## Problem requirements:
After locating the line that bears "カーディガン レディース 春", restate word for word that line and the rest of the listing to its final line, excluding all pictures.

## Dataset records:
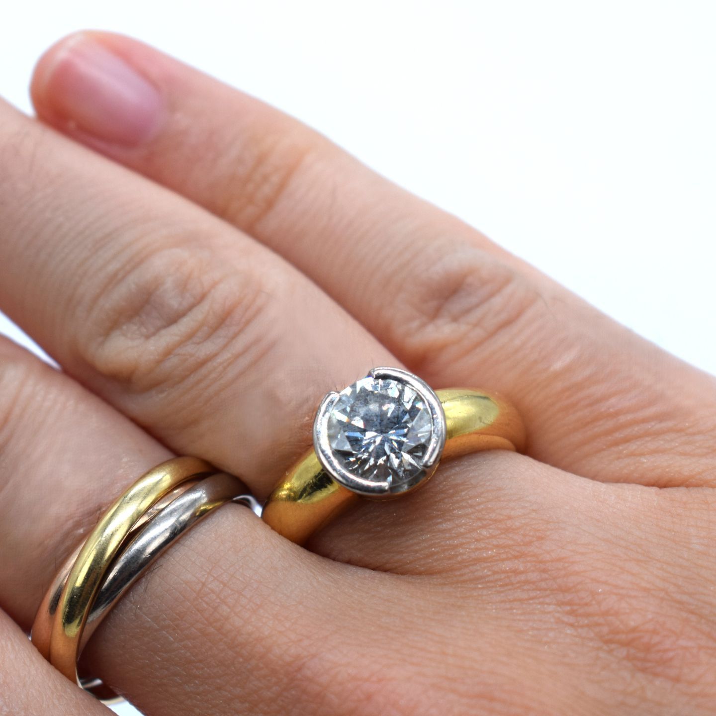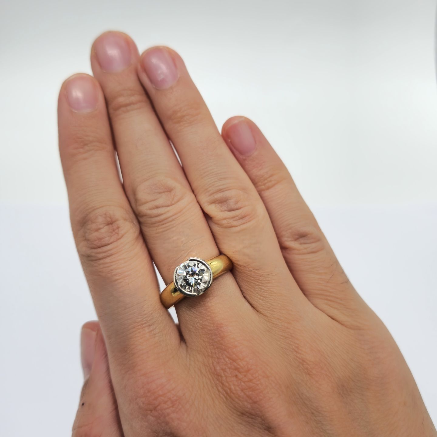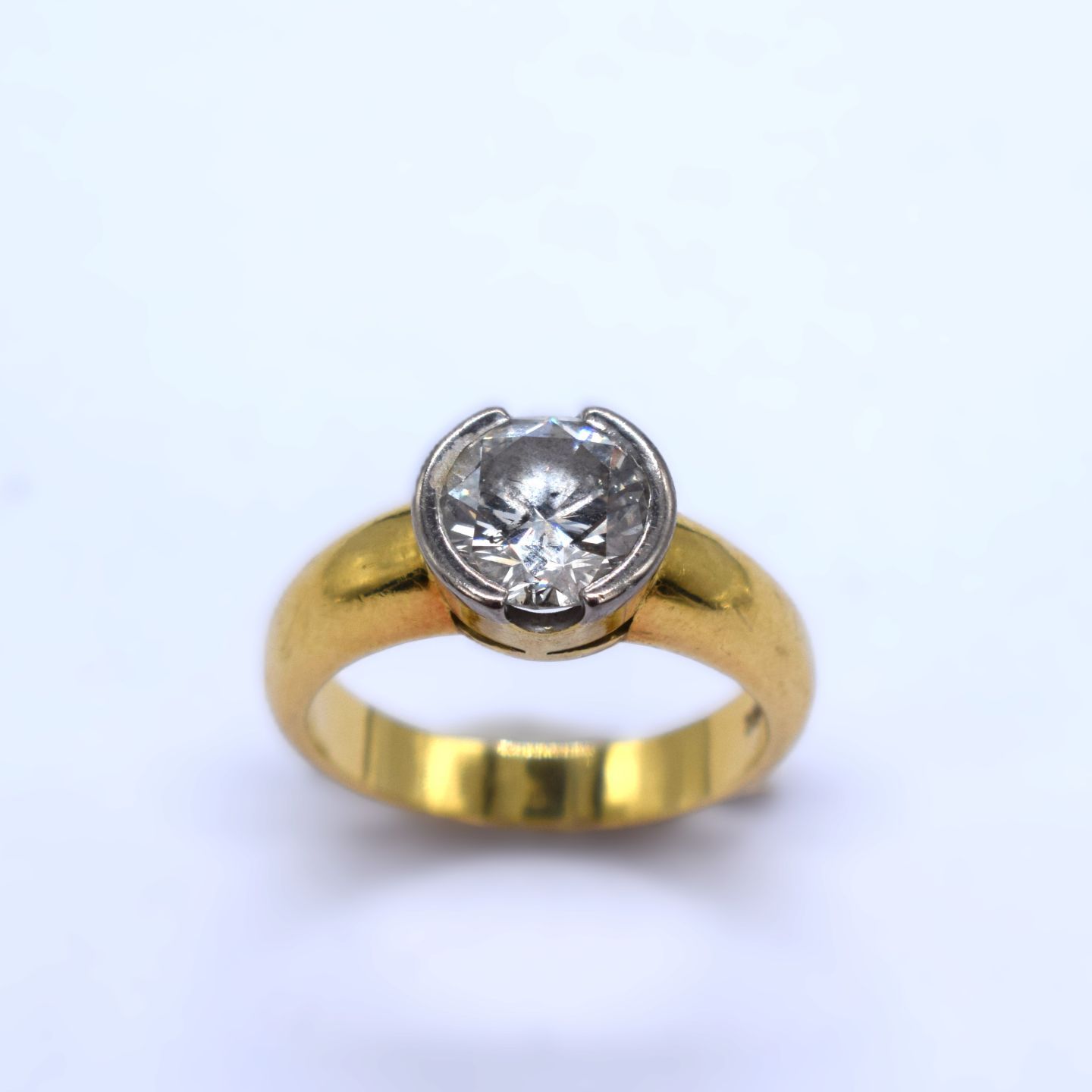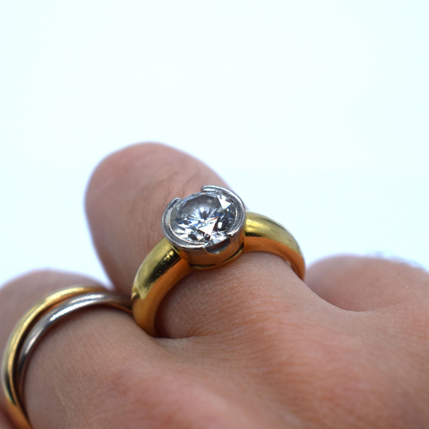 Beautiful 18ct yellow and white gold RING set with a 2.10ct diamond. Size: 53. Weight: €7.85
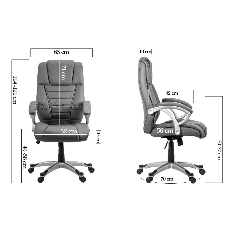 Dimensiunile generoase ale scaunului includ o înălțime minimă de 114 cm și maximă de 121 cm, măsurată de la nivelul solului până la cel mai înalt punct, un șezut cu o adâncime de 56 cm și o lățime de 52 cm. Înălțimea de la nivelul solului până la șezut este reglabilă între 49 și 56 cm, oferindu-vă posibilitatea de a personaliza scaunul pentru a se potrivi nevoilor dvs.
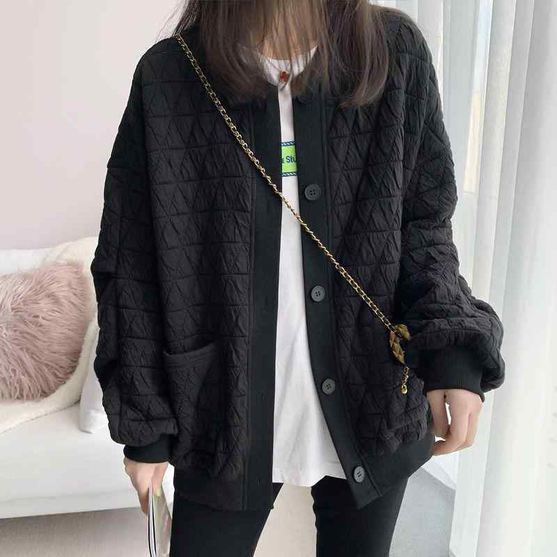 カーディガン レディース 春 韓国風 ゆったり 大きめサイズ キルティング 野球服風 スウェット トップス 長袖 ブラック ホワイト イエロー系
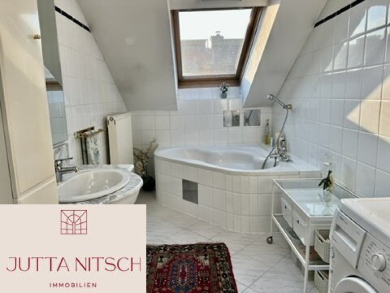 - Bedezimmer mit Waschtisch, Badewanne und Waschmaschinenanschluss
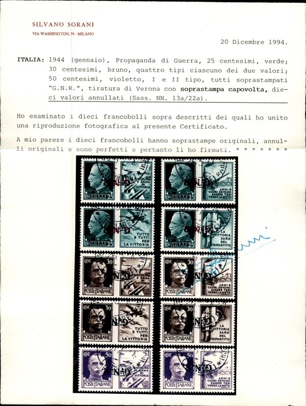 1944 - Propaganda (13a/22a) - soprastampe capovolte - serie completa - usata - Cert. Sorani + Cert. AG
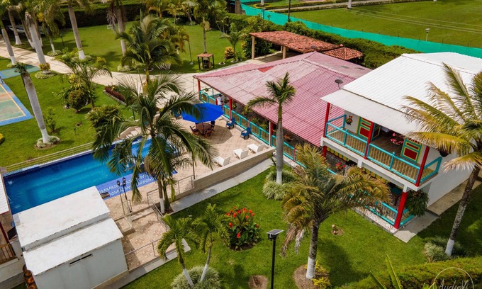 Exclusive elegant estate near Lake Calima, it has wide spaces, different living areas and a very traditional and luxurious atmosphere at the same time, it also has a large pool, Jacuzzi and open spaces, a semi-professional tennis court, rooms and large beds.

## Result of the task:
 カーディガン レディース 春 韓国風 ゆったり 大きめサイズ キルティング 野球服風 スウェット トップス 長袖 ブラック ホワイト イエロー系
 - Bedezimmer mit Waschtisch, Badewanne und Waschmaschinenanschluss
 1944 - Propaganda (13a/22a) - soprastampe capovolte - serie completa - usata - Cert. Sorani + Cert. AG
 Exclusive elegant estate near Lake Calima, it has wide spaces, different living areas and a very traditional and luxurious atmosphere at the same time, it also has a large pool, Jacuzzi and open spaces, a semi-professional tennis court, rooms and large beds.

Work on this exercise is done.